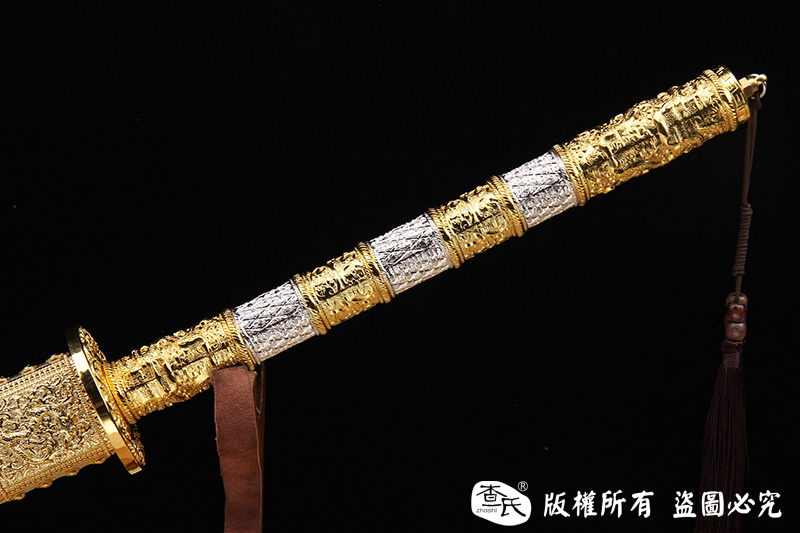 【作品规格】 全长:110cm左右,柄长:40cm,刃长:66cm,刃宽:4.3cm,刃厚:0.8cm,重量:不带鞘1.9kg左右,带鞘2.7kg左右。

...

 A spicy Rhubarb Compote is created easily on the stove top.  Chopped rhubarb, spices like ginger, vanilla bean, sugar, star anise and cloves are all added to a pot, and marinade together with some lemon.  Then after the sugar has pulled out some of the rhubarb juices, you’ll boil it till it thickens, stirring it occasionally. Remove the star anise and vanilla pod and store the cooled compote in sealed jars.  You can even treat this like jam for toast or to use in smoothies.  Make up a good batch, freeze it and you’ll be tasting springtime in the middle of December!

---

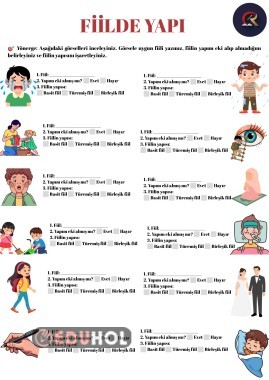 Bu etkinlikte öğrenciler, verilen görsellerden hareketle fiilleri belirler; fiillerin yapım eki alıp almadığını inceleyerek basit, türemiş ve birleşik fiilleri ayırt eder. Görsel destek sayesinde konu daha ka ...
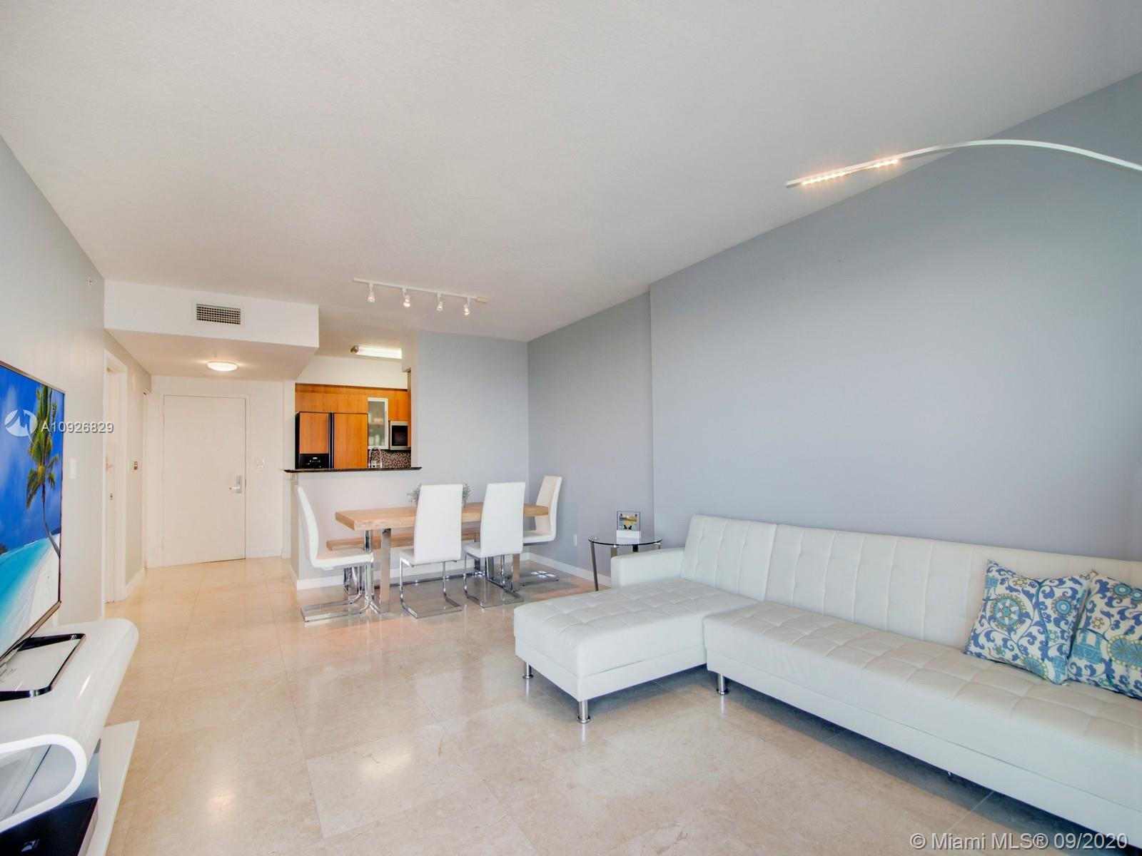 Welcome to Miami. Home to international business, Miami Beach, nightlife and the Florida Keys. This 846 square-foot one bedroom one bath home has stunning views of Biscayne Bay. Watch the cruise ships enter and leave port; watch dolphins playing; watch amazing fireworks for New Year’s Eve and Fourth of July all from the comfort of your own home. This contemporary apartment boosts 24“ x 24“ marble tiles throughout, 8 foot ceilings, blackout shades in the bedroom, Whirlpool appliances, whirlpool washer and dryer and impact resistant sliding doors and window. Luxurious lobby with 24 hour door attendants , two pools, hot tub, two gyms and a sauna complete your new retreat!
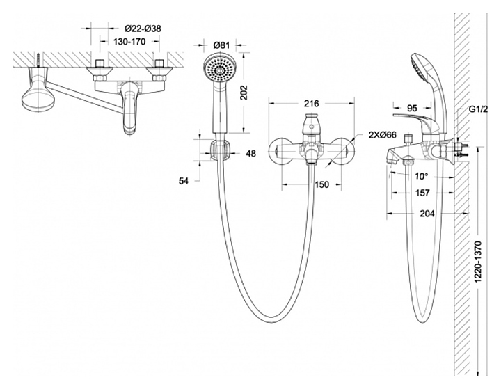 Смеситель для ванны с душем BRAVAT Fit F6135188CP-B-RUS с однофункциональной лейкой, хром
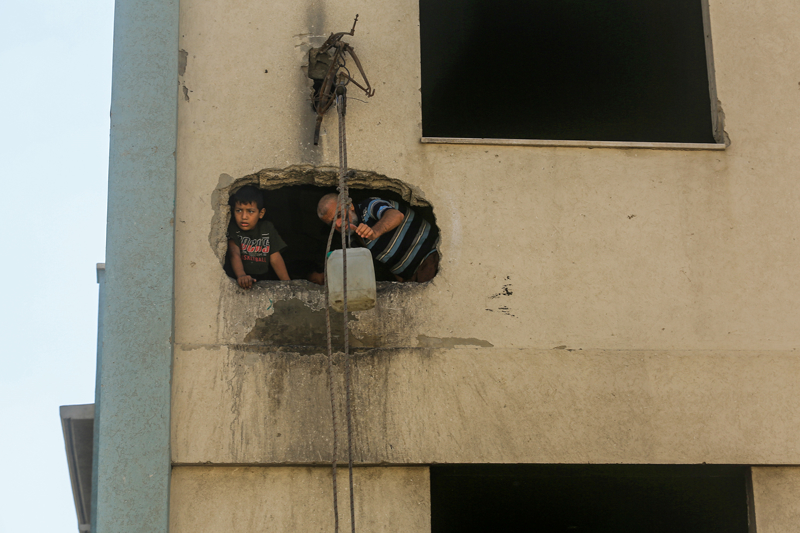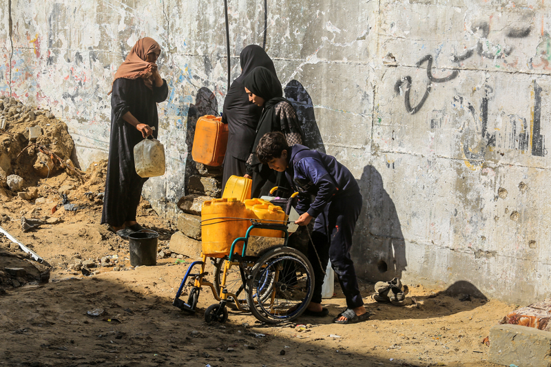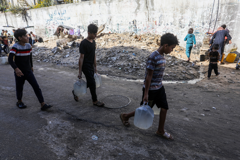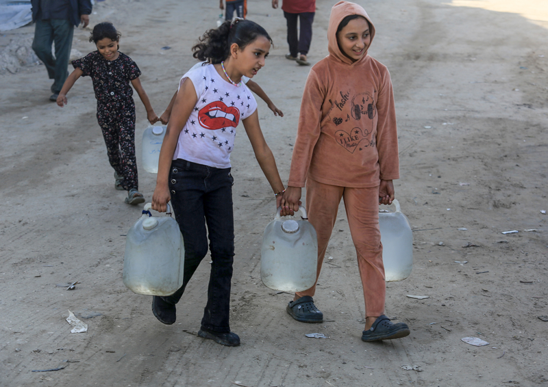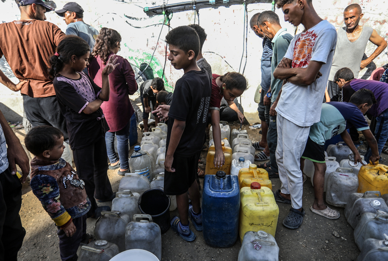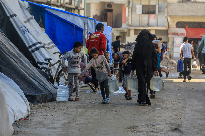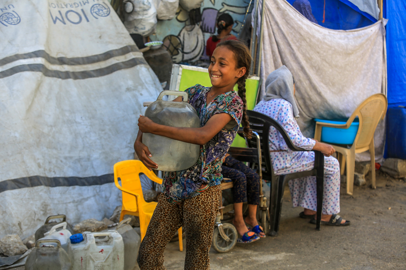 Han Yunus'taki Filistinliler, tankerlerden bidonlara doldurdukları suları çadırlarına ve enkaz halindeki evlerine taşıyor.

## WORK INSTRUCTION
Transcribe the lines above exactly, beginning at the one with "Смеситель для ванны" and ending at the one with "Han Yunus'taki Filistinliler, tankerlerden". Include both; exclude the pictures.

## RESULT OF THE TASK
 Смеситель для ванны с душем BRAVAT Fit F6135188CP-B-RUS с однофункциональной лейкой, хром
 Han Yunus'taki Filistinliler, tankerlerden bidonlara doldurdukları suları çadırlarına ve enkaz halindeki evlerine taşıyor.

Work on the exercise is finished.